» WHAT THE TASK REQUIRES: Give back, exactly and with nothing added, the lines that run from the one containing "唐揚げ弁当 410円 (注文後揚げて御飯も入れてくれる)" to the final line below.

» RECORDS FOR THIS TASK:
==============================

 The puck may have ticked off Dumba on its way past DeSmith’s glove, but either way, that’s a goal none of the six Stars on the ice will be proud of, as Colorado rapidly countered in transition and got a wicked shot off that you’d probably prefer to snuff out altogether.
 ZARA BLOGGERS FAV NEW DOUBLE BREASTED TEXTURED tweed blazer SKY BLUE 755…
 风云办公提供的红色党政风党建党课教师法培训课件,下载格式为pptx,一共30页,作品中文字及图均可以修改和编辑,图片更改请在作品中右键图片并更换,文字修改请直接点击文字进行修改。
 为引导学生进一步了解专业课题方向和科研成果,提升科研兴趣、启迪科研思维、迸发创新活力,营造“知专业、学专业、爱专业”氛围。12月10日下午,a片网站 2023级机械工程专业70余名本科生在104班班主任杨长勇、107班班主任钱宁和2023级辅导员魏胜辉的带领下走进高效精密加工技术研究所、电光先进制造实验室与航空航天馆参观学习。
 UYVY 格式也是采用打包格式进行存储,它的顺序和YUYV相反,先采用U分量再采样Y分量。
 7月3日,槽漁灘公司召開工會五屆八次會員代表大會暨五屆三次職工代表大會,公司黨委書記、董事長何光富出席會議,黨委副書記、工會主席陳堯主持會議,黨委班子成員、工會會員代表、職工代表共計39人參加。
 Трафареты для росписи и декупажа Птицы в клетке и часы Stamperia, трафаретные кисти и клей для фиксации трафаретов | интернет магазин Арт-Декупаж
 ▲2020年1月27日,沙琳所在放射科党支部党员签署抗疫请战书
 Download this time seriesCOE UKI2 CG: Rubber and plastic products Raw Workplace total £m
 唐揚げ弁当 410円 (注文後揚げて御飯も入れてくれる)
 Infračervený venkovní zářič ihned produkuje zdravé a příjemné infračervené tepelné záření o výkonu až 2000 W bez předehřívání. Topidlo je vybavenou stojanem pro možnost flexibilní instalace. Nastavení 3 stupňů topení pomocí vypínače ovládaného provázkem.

==============================

» ANSWER FOR THIS EXERCISE:
 唐揚げ弁当 410円 (注文後揚げて御飯も入れてくれる)
 Infračervený venkovní zářič ihned produkuje zdravé a příjemné infračervené tepelné záření o výkonu až 2000 W bez předehřívání. Topidlo je vybavenou stojanem pro možnost flexibilní instalace. Nastavení 3 stupňů topení pomocí vypínače ovládaného provázkem.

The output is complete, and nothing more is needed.